Figure 5. The inhibitory effect of dimethyl trisulfide on the apple ring rot on apple fruit. (A) The disease spot diameter on apple fruits treated by various concentrations of dimethyl trisulfide. (B) The inhibition of various concentrations of dimethyl trisulfide against the apple ring rot on fruit. (C) The area-under-curve (AUC) of disease spot diameter on fruit treated by the various concentration of dimethyl trisulfide. Different lowercase letters indicate a significant difference between different treatments (P < 0.05).
Experiments 2
Only 1 day after inoculation, sparse mycelial colonies with different sizes appeared on the control fruit. During the first week, the colonies successively emerged and enlarged quickly, finally covering the whole fruit surface. The disease spots gradually appeared across the fruit surface during the second week. They progressively expanded and joined together later, eventually leading to fruit decay during the third and fourth weeks. However, apple fruits treated with a low DT concentration (15.63 μL/L) showed no symptoms during the first week. During the second week, an average of 3 sparse mycelial colonies appeared on the fruit. On average, 10 sparse mycelial colonies appeared on the fruit during the third and fourth weeks. However, the apple fruit treated with higher DT concentrations (>31.25 μL/L) showed no obvious disease symptom and exhibited 100% inhibition against the apple ring rot throughout the experiment period (Figure 6).

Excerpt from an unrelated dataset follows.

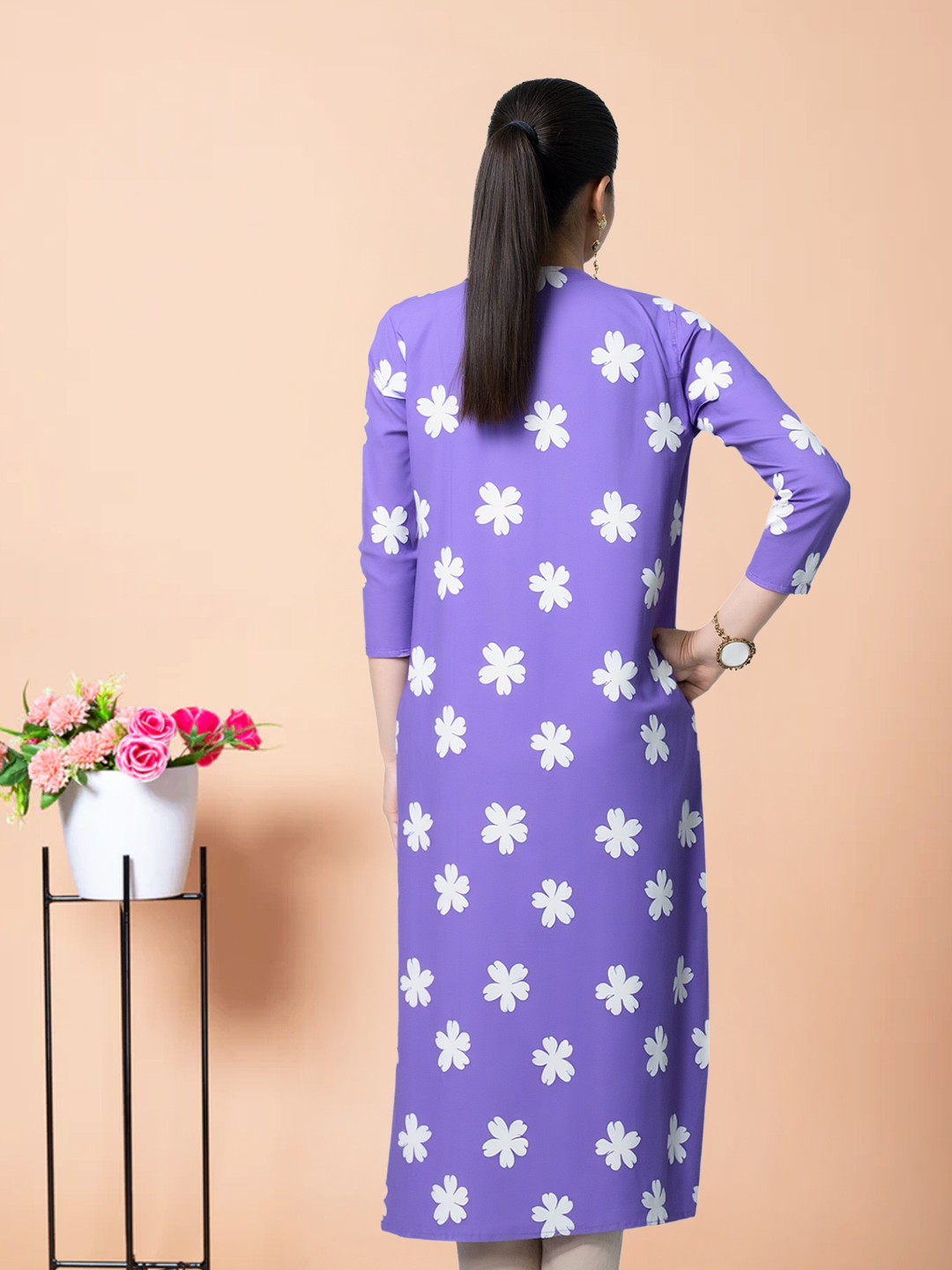 This Stunning Floral Printed Kurta is the perfect blend of style and comfort. The vibrant floral print creates a striking, energetic look, while the rounded neckline with subtle button detailing elevates the design with a touch of class. Its comfortable fit ensures you feel great all day long, whether you're attending a casual gathering or out for a relaxed brunch. The 3/4 sleeves offer the ideal balance of coverage and lightness for those warmer days.

Figure 6. The apple fruit was first dipped in a Botryosphaeria dothidea culture for 15 min, subsequently exposed to various concentrations of dimethyl trisulfide, then cultured at 28°C in the dark for 4 weeks. Apple fruits with different treatments exhibited varying degrees of disease symptoms. (A) 15.63 μL/L, (B) 31.25 μL/L, (C) 62.5 μL/L, (D) control.
Dimethyl Trisulfide Enhanced the Apple Fruit Quality
All the six fruit quality indices of the four treatments (CK, DT, Bd, and DT + Bd) showed an up-and-down trend, fluctuating with prolonged time (Figure 7). The AUC of fruit quality indices was used to evaluate DT’s overall effect on the fruit quality. Compared to the control fruit (CK), DT treatment (DT) increased the SS content, SS/TA ratio and VC content by 4.22% (P = 0.0124), 16.59% (P = 0.0209), and 109.80% (P < 0.0001), respectively. Compared to the fruit inoculated with Bd (Bd), DT treatment (DT + Bd) significantly increased VC content by 86.13% (P = 0.0499), SS content by 3.67% (P = 0.0346), and also enhanced SS/TA ratio by 19.05% (P = 0.0581) (Figure 8).

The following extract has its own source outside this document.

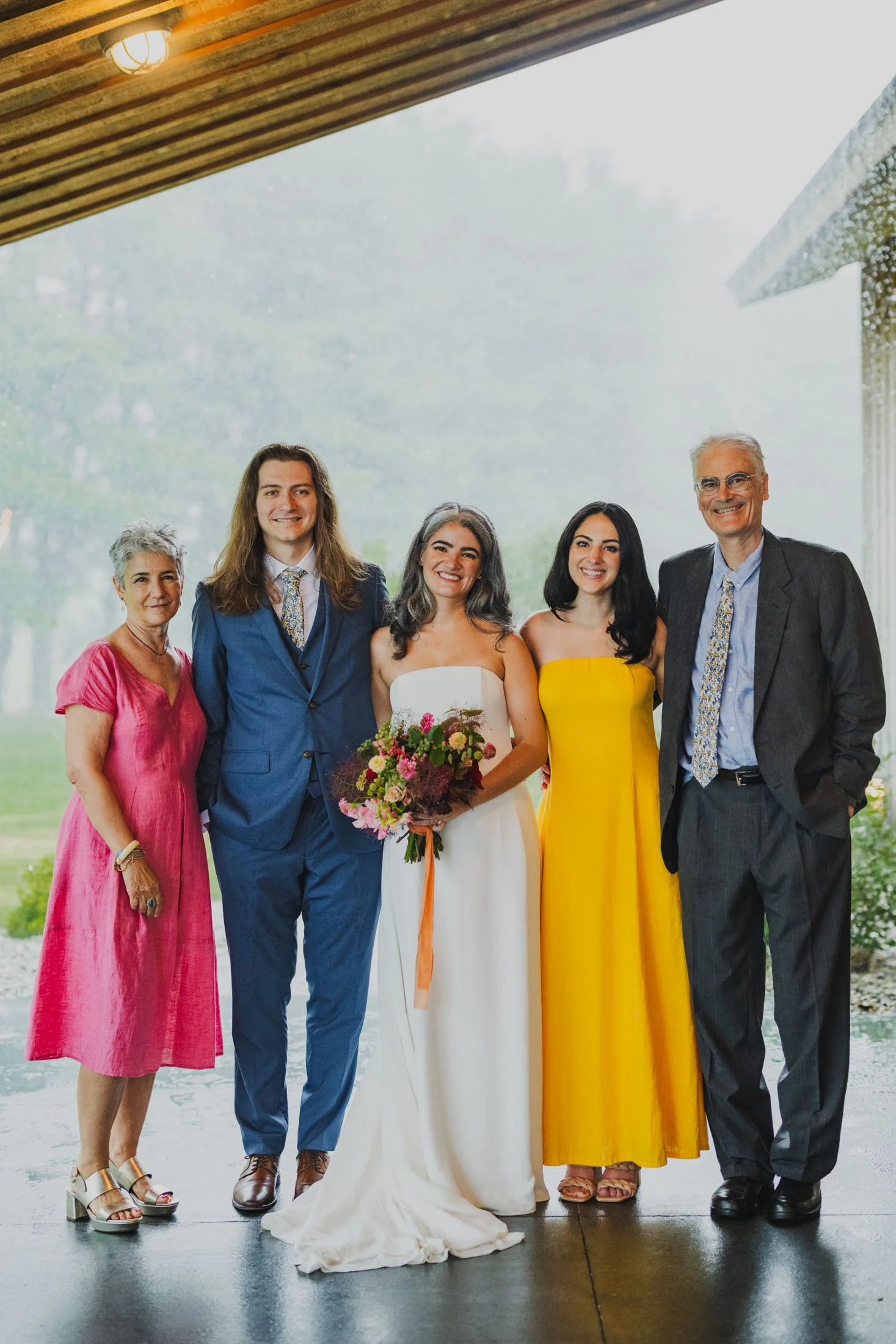 That, sadly, was not the case. But in my book - that is totally okay. I love rain. It adds texture, mood, and vibrance to any day - and this one was no different. The colors of Eliza’s florals and her family and friend’s attire was popping, the rain made us have to think on our feet and choose backdrops for family photos we wouldn’t normally choose but I kind of love it!

Figure 7. The dynamic changes of internal quality indexes including total soluble solid (A), soluble sugar (B), titratable acidity (C), TSS/TA (D), SS/TA (E), and vitamin C (F) in the different treatment fruit.
Figure 8. The area-under-curve (AUC) of internal quality indexes including total soluble solid (A), soluble sugar (B), titratable acidity (C), TSS/TA (D), SS/TA (E), and vitamin C (F) the different treatment fruit. *P < 0.05, ***P < 0.001, ns P > 0.05.

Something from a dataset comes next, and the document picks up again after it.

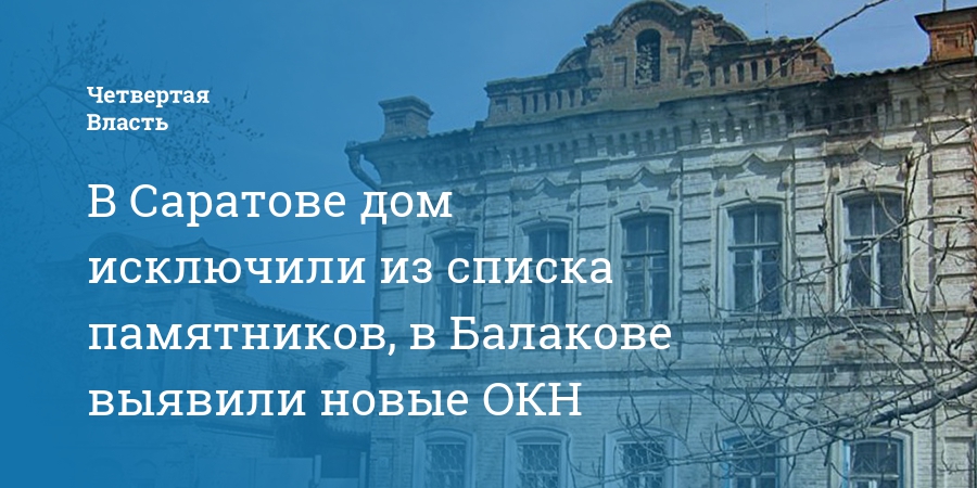 В Саратове дом исключили из списка памятников, в Балакове выявили новые ОКН

Dimethyl Trisulfide Induced the Expression of Defense-Related Genes
Dimethyl trisulfide induced all the detected genes in apple fruit, six (GLU-1, GLU-2, POD-1, POD-2, CHI, and CAT) of which were significantly up-regulated (Figure 9). Compared with the control (CK), the six genes in DT-treated apple fruit (DT) were up-regulated by 14.91 (GLU-2) to 84.09 (CAT) times, with an average of 39.09 times. Compared to fruit inoculated with B. dothidea (Bd), the six genes in DT-treated apple fruit (Bd + DT) were increased by 4.13 (CHI) to 296.50 (POD-2) times, averaged 95.24 times. These results revealed that the DT markedly induces apple fruit’s defense-related genes whether or not they were inoculated with B. dothidea.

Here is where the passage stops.